_Task objective_.
Every line of the material must be restated exactly, though not its pictures.

_Exercise input_.
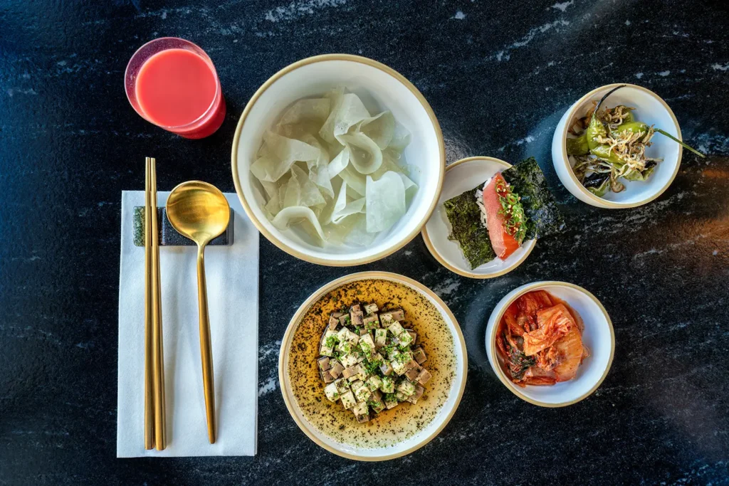 Chef Thom Chun brings Michelin-starred experience and memories of his grandmother’s garden to the kitchen, where he creates dishes that honor both Korean traditions and local ingredients. Alongside him, Cam Shaw draws on three generations of restaurant experience to guide operations and craft the bar program, while Pete Choo, whose earliest food memories were shaped by his Korean mother’s cooking, helps manage the business and welcomes guests.
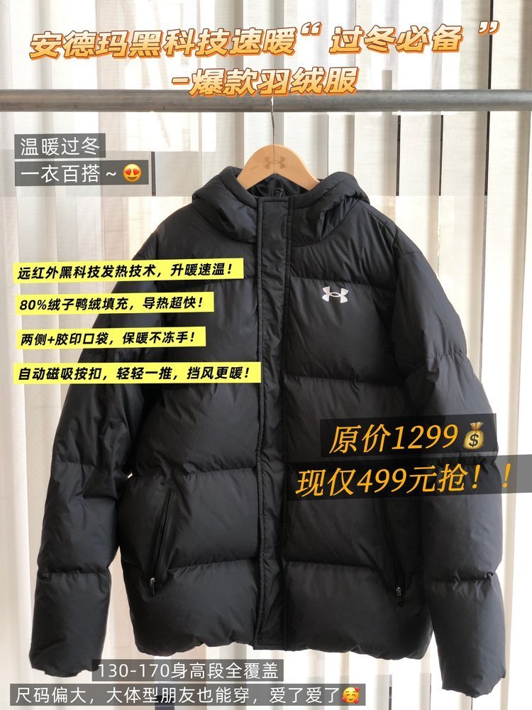 🔺第十四款:安德玛【远红外黑科技发热技术】短款加厚羽绒服254111829
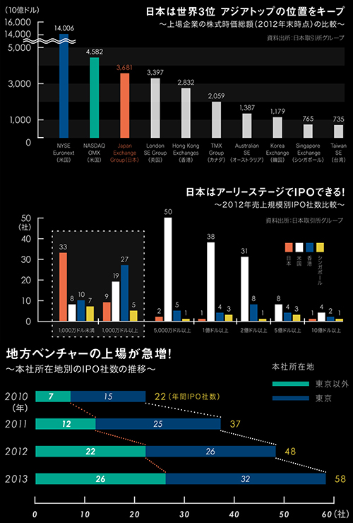 こうした地道な活動の効果もあって、東京以外に本社を置く企業のIPOが増えている。2011年には7社と、年間件数の3分の1程度だった地方企業のIPO。それが2013年には26社に増え、年間件数の半分近くにまで達している(右下図参照)。
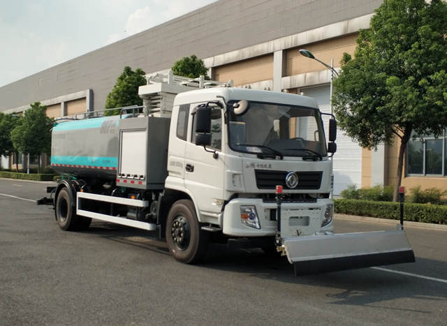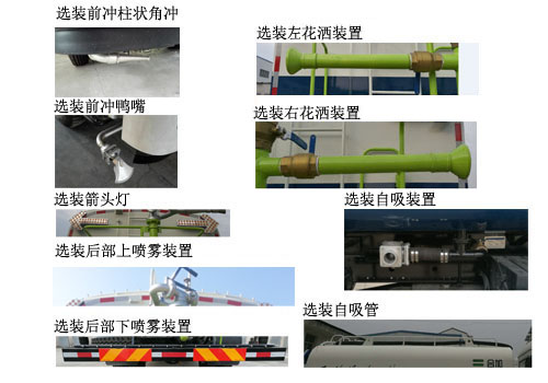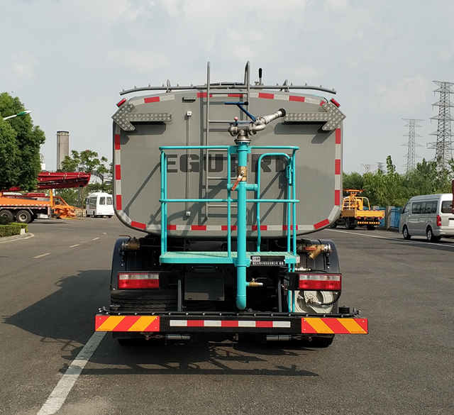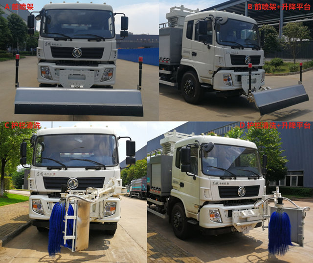选用5100mm轴距、1940前轮距、1860后轮距底盘,装有ABS,ABS的型号可以为ABS-E 4S/4M,生产厂为威伯科汽车控制系统(中国)有限公司,也可以为3631010-C2000,生产厂为东科克诺尔商用车制动系统(十堰)有限公司.该车型工作装置有4种配置:A(前喷架),B(前喷架+升降平台),C(护栏清洗),D(护栏清洗+升降平台);各配置外形尺寸高/前伸/额定载质量/整备质量对应关系:配置A:3000/1200/9090/8715,罐体外形尺寸(长度×长轴×短轴)(mm):4080×2280×1470,有效容积:9.54立方米;配置B:3250/1200/8490/9315,罐体外形尺寸(长度×长轴×短轴)(mm):3800×2280×1470,有效容积:8.91立方米;配置C:3000/1200/9090/8715,罐体外形尺寸(长度×长轴×短轴)(mm):4080×2280×1470,有效容积:9.54立方米;配置D:3250/1200/8490/9315,罐体外形尺寸(长度×长轴×短轴)(mm):3800×2280×1470,有效容积:8.91立方米;运输介质:水,密度1000千克/立方米;侧面防护装置的材料为铝合金,连接方式为螺栓连接;后防护装置材料为Q235A,连接方式为螺栓连接,断面尺寸为140×60mm,离地高度为490mm,可选装前冲、鸭嘴、后箭头指示灯、后部上、下喷雾、左、右花洒、自吸和自吸管等装置;专用装置由清洗装置、前喷装置、护栏清洗装置、升降平台及罐体等组成,专用功能为道路清洗、保洁、护栏清洗等作业. |
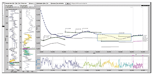 The log in Figure 1 shows the pay target in the Granite Wash “F” section. The horizontal target was moderately tight with a net height of 20 feet. Figure 2 shows the well path, with the uncemented 1,600-foot section highlighted.
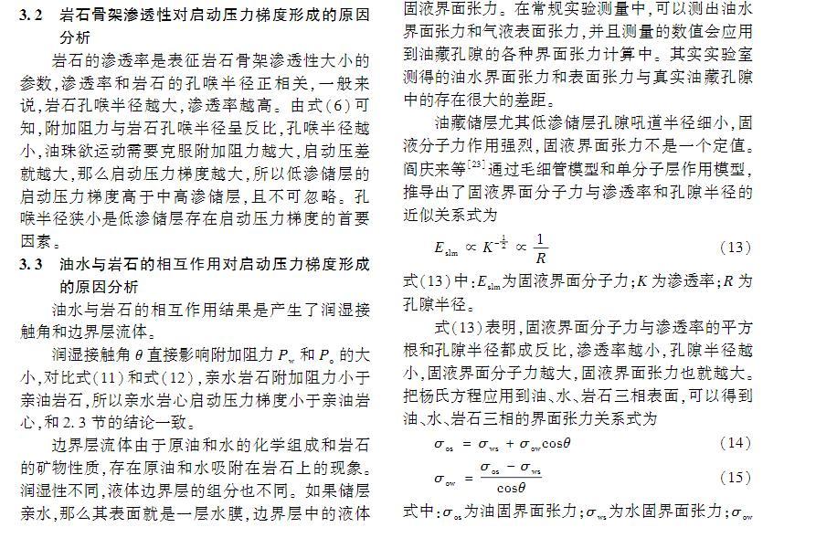 油藏儲(chǔ)層油水界面張力是形成啟動(dòng)壓力梯度的微觀成因
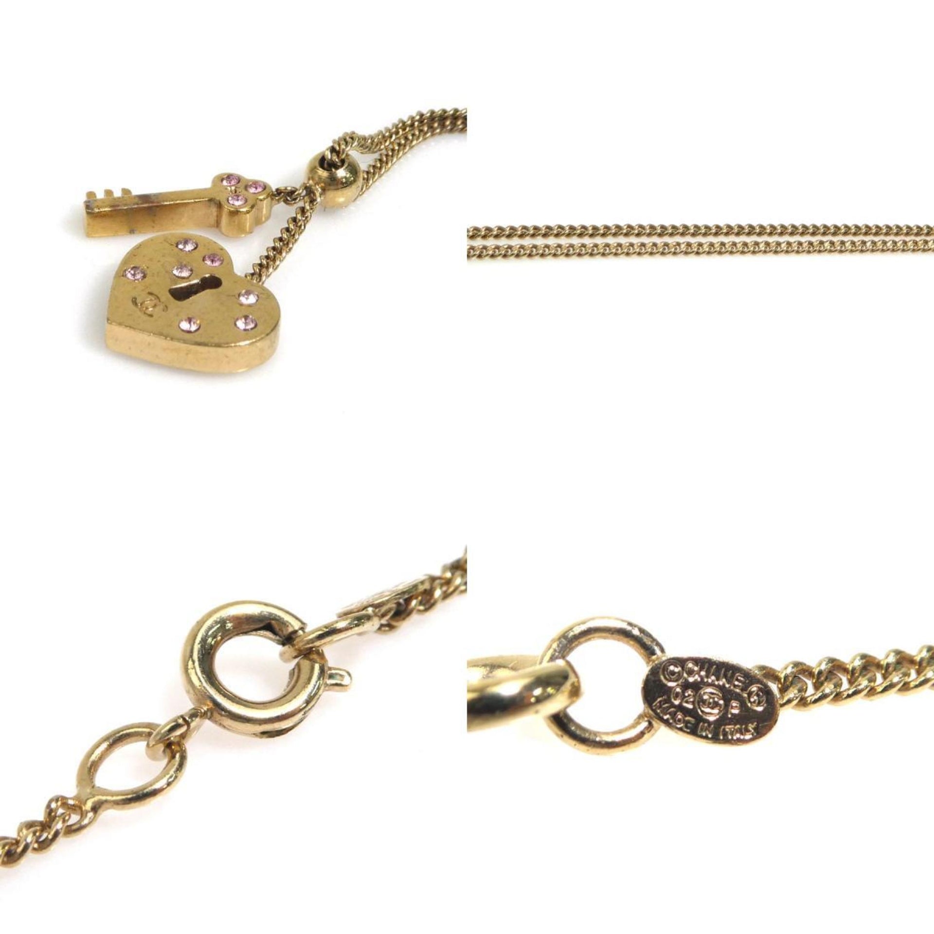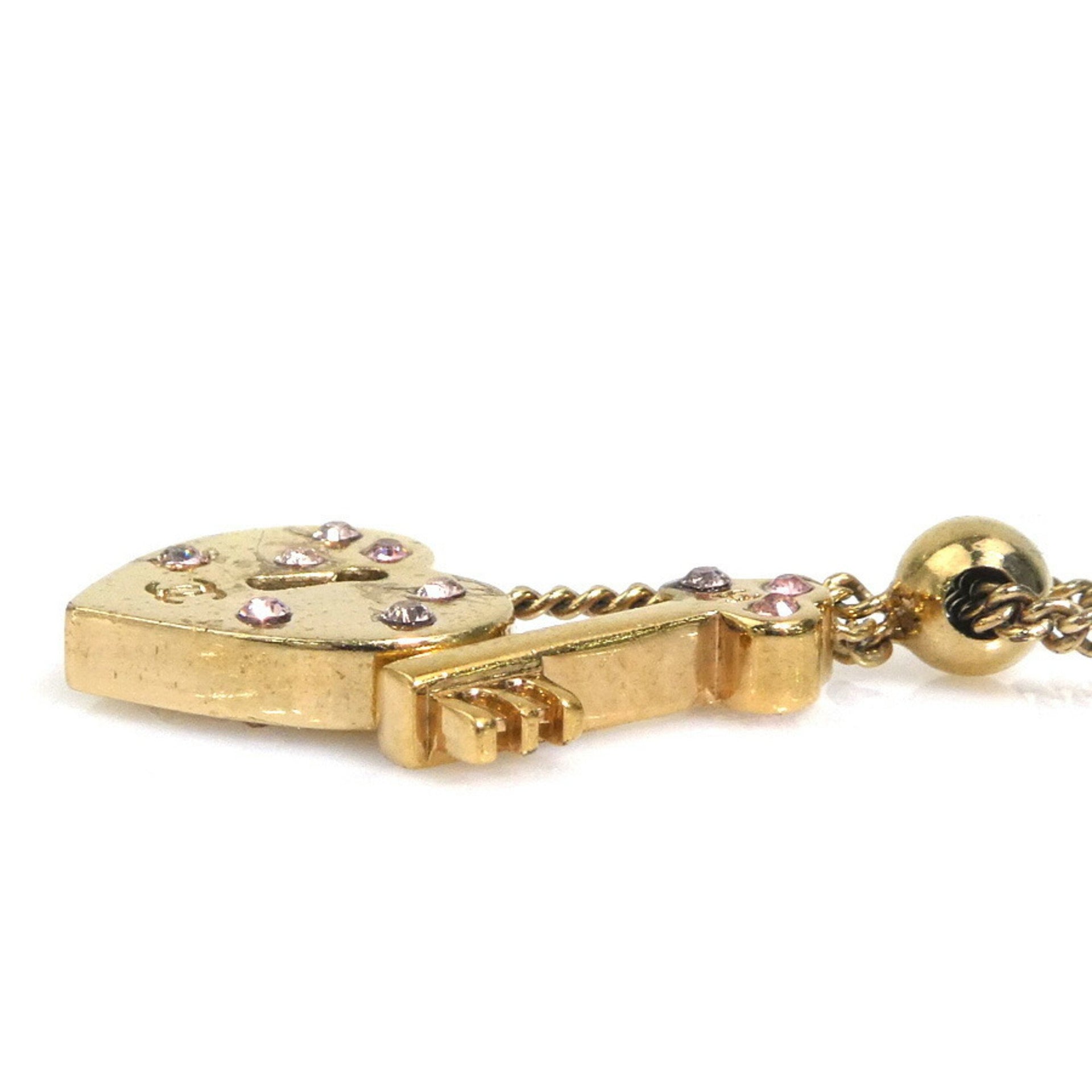 CHANEL Heart Lock & Key Necklace with Metal Rhinestones, Gold and Pink, Women\'s, e61086a

_Your solution_.
 Chef Thom Chun brings Michelin-starred experience and memories of his grandmother’s garden to the kitchen, where he creates dishes that honor both Korean traditions and local ingredients. Alongside him, Cam Shaw draws on three generations of restaurant experience to guide operations and craft the bar program, while Pete Choo, whose earliest food memories were shaped by his Korean mother’s cooking, helps manage the business and welcomes guests.
 🔺第十四款:安德玛【远红外黑科技发热技术】短款加厚羽绒服254111829
 こうした地道な活動の効果もあって、東京以外に本社を置く企業のIPOが増えている。2011年には7社と、年間件数の3分の1程度だった地方企業のIPO。それが2013年には26社に増え、年間件数の半分近くにまで達している(右下図参照)。
选用5100mm轴距、1940前轮距、1860后轮距底盘,装有ABS,ABS的型号可以为ABS-E 4S/4M,生产厂为威伯科汽车控制系统(中国)有限公司,也可以为3631010-C2000,生产厂为东科克诺尔商用车制动系统(十堰)有限公司.该车型工作装置有4种配置:A(前喷架),B(前喷架+升降平台),C(护栏清洗),D(护栏清洗+升降平台);各配置外形尺寸高/前伸/额定载质量/整备质量对应关系:配置A:3000/1200/9090/8715,罐体外形尺寸(长度×长轴×短轴)(mm):4080×2280×1470,有效容积:9.54立方米;配置B:3250/1200/8490/9315,罐体外形尺寸(长度×长轴×短轴)(mm):3800×2280×1470,有效容积:8.91立方米;配置C:3000/1200/9090/8715,罐体外形尺寸(长度×长轴×短轴)(mm):4080×2280×1470,有效容积:9.54立方米;配置D:3250/1200/8490/9315,罐体外形尺寸(长度×长轴×短轴)(mm):3800×2280×1470,有效容积:8.91立方米;运输介质:水,密度1000千克/立方米;侧面防护装置的材料为铝合金,连接方式为螺栓连接;后防护装置材料为Q235A,连接方式为螺栓连接,断面尺寸为140×60mm,离地高度为490mm,可选装前冲、鸭嘴、后箭头指示灯、后部上、下喷雾、左、右花洒、自吸和自吸管等装置;专用装置由清洗装置、前喷装置、护栏清洗装置、升降平台及罐体等组成,专用功能为道路清洗、保洁、护栏清洗等作业. |
 The log in Figure 1 shows the pay target in the Granite Wash “F” section. The horizontal target was moderately tight with a net height of 20 feet. Figure 2 shows the well path, with the uncemented 1,600-foot section highlighted.
 油藏儲(chǔ)層油水界面張力是形成啟動(dòng)壓力梯度的微觀成因
 CHANEL Heart Lock & Key Necklace with Metal Rhinestones, Gold and Pink, Women\'s, e61086a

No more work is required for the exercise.